Resumo
Apesar da importância do conceito de bem jurídico para o direito, com especial relevância para o direito penal, ao definir a aplicabilidade ou não do seu objeto, há discondâncias doutrinárias quanto a sua natureza. Uma breve exposição sobre as correntes clássicas e algumas discussões atuais relevantes para o conceituação do bem jurídico serão abordadas.
1.INTRODUÇÃO
Ferrajoli (2014), em seus dez axiomas do Garantismo Penal traz a seguinte assertiva: Nulla necessitas sine injuria. Ou seja, não há necessidade sem ofensa a bem jurídico. A depender da posição doutrinária que se tome, a ausência de ofensa ao bem jurídico resultará na ausência de materialidade do crime ou na não punibilidade. Há corrente minoritária que entende que há crime e punibilidade mesmo sem lesão a bem jurídico, contudo tal posição encontra barreira em disposições legais, como no crime impossível positivado no art. 17 do Código Penal ou no princípio da bagatela que se extrai do § 2º do art. 155 do mesmo código. Sem querer entrar na divergência que se forma, é certo que pelo princípio da lesividade ou ofensividade do evento, o conceito de bem jurídico se torna relevante. Assim, não se pode negar a discussão doutrinária sobre o bem jurídico, como critério de referência da dimensão material do delito. A noção de bem jurídico teve mudanças ao longo da história, porém, as diferentes doutrinas podem ser divididas em duas correntes: a transcendental, que aponta que o bem jurídico existe por si mesmo; e a imanentista que acredita que a norma cria e precede o bem jurídico. Irá se expor um recorte das diferentes doutrinas.

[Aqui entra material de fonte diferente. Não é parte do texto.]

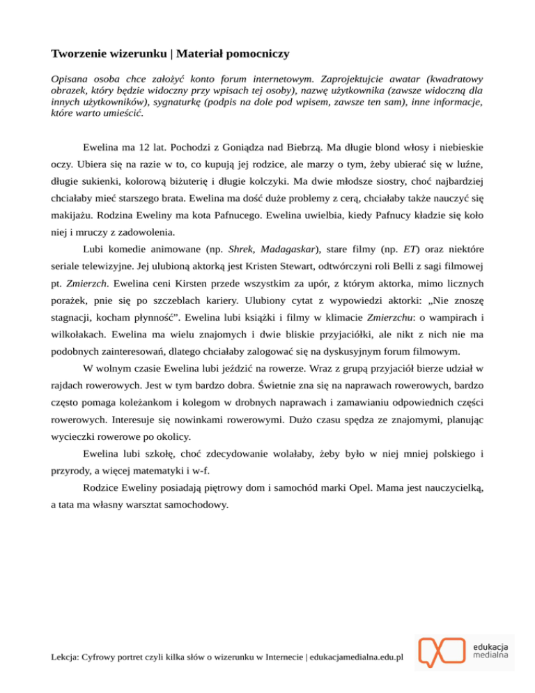 Tworzenie wizerunku | Materiał pomocniczy Opisana osoba chce założyć konto forum internetowym. Zaprojektujcie awatar (kwadratowy obrazek, który będzie widoczny przy wpisach tej osoby), nazwę użytkownika (zawsze widoczną dla innych użytkowników), sygnaturkę (podpis na dole pod wpisem, zawsze ten sam), inne informacje, które warto umieścić. Ewelina ma 12 lat. Pochodzi z Goniądza nad Biebrzą. Ma długie blond włosy i niebieskie oczy. Ubiera się na razie w to, co kupują jej rodzice, ale marzy o tym, żeby ubierać się w luźne, długie sukienki, kolorową biżuterię i długie kolczyki. Ma dwie młodsze siostry, choć najbardziej chciałaby mieć starszego brata. Ewelina ma dość duże problemy z cerą, chciałaby także nauczyć się makijażu. Rodzina Eweliny ma kota Pafnucego. Ewelina uwielbia, kiedy Pafnucy kładzie się koło niej i mruczy z zadowolenia. Lubi komedie animowane (np. Shrek, Madagaskar), stare filmy (np. ET) oraz niektóre seriale telewizyjne. Jej ulubioną aktorką jest Kristen Stewart, odtwórczyni roli Belli z sagi filmowej pt. Zmierzch. Ewelina ceni Kirsten przede wszystkim za upór, z którym aktorka, mimo licznych porażek, pnie się po szczeblach kariery. Ulubiony cytat z wypowiedzi aktorki: „Nie znoszę stagnacji, kocham płynność”. Ewelina lubi książki i filmy w klimacie Zmierzchu: o wampirach i wilkołakach. Ewelina ma wielu znajomych i dwie bliskie przyjaciółki, ale nikt z nich nie ma podobnych zainteresowań, dlatego chciałaby zalogować się na dyskusyjnym forum filmowym. W wolnym czasie Ewelina lubi jeździć na rowerze. Wraz z grupą przyjaciół bierze udział w rajdach rowerowych. Jest w tym bardzo dobra. Świetnie zna się na naprawach rowerowych, bardzo często pomaga koleżankom i kolegom w drobnych naprawach i zamawianiu odpowiednich części rowerowych. Interesuje się nowinkami rowerowymi. Dużo czasu spędza ze znajomymi, planując wycieczki rowerowe po okolicy. Ewelina lubi szkołę, choć zdecydowanie wolałaby, żeby było w niej mniej polskiego i przyrody, a więcej matematyki i w-f. Rodzice Eweliny posiadają piętrowy dom i samochód marki Opel. Mama jest nauczycielką, a tata ma własny warsztat samochodowy. Lekcja: Cyfrowy portret czyli kilka słów o wizerunku w Internecie | edukacjamedialna.edu.pl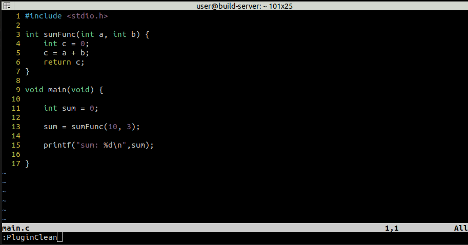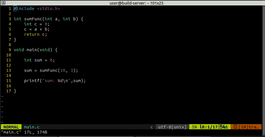 5. 현재까지의 설정이 적용된 vim 코드 뷰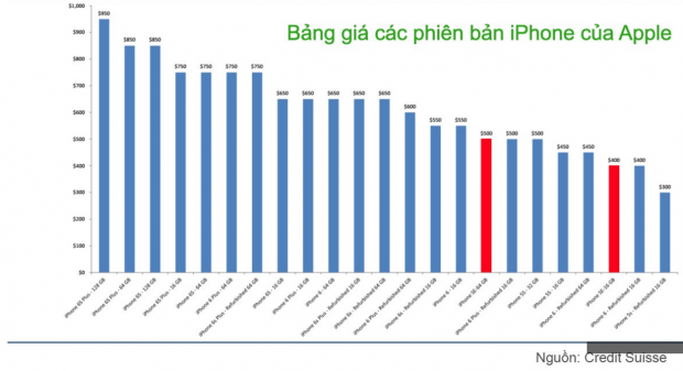 Biểu đồ bảng giá các phiên bản iPhone hiện nay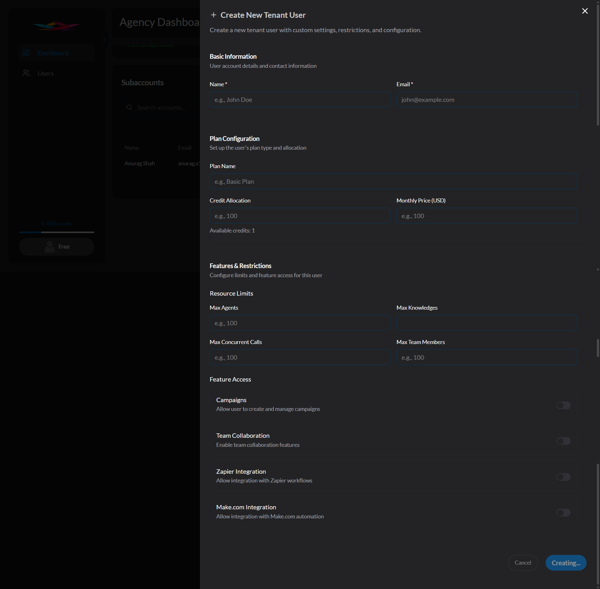 - While creating a sub-account, you can set custom plan names, allocate credits, and decide pricing.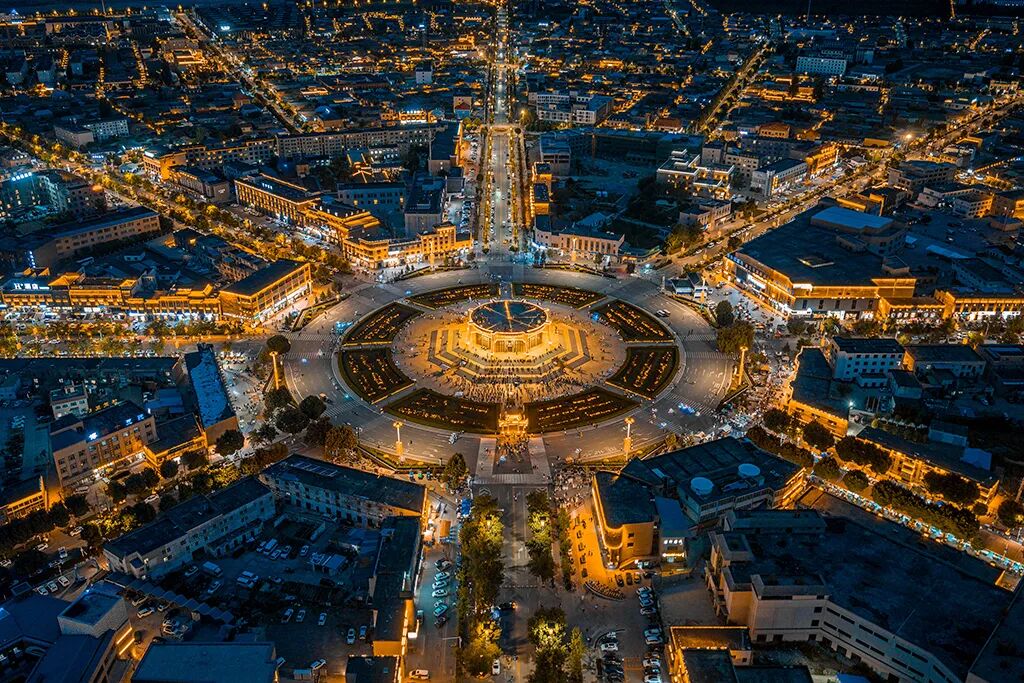 夜色中的特克斯八卦城,街道灯光勾勒出独特的八卦形制,神秘而壮观。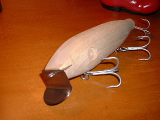 2 belly weights... thought it looked good, looking at a real one, I though I had the bellyweights right.....bent the lip in a vice... and it swam like crap  it swan just under the surface,I'm sure it will catch fish but I didn't like its swim it was disapointing

2.Origem e evolução histórica
2.1 Fase pré-iluminista
Nesse período o objeto tutelado era o interesse religioso, o direito de castigar tinha como fundamento um direito eterno, independente do contrato social, o delito aparece como pecado e desobediência a vontade divina.
2.2 Iluminismo
Vem a primeira tentativa de delimitar um conceito material de delito,com Anselm von Feuerbach. Influenciado pelos pensamentos jusracionalistas, iluminista e idealista kantiano apresenta-se em contrapartida com os pensamentos teocrático e do despotismo esclarecido colocando o homem em posição principal, o delito está ligado à proteção da liberdade pessoal prevista no contrato social, assim toda pena passa a ter tida como consequência jurídica de uma norma, o valor protegido se identifica com o direito subjetivo pessoais. Johan Birnbaum de outro modo, defendia um modelo natural, não atribuindo a essência do delito a lesão de direito garantido pelo contrato social mas a ofensa aos bens comuns, o delito se torna o dano social, só sendo punido quando efetivamente ofensivo, o valor defendido é social e não pessoal.
2.3 Positivismo Formal
Karl Binding, principal representante dessa corrente, aponta a configuração do bem jurídico como uma figura privilegiada. O poder de criminalizar era apenas do legislador. Sua concepção positivista revela uma harmonia absoluta entre norma e bem jurídico, sendo sua única fonte. Entende que o bem jurídico é elemento é mero resultado da norma, negando qualquer legitimação material.
2.4 Positivismo Material
Fraz von Liszt, com um postura extranormativa, negou qualquer liberdade ao legislador, considerando a imparcialidade, devendo a ação do legislador ser limitada, sofrendo críticas por não especificar como. Admitindo que o bem jurídico precede a norma, que apenas o reconhece.
2.5 Neokantismo
Houve a substituição da noção material de bem pela noção de valor, de um valor cultural que nasce da proibição das normas culturais que precedem as normas jurídicas. Ernest Mayer representa uma volta ao reconhecimento da dimensão individual e do caráter psicológico-cultural. Inaugura a justificação da obrigatoriedade das normas positivas. Richard Honig põe o bem jurídico concebido como valor cultural não real, mas ideal ou espiritualizado, o bem jurídico era apenas o sentido dos preceitos penais. Ao confundir objetivo e objeto a vertente neokantiana recebe críticas.
2.6 Finalismo
Tem como expoente Hans Welzel. Ele propôs que a intervenção penal deveria punir desvalores da conduta em si, e não com seu resultado como propusera Liszt. O direito penal cabe proteger valores elementares da vida social e os bens jurídicos se tornam o estado social desejável, com missão de cunho ético-social, modelando o indivíduo enquanto integrante da sociedade, cabe ao direito penal tutelar a consciência dos cidadãos. Só devendo o bem jurídico a ser protegido quando tem relevância na vida social.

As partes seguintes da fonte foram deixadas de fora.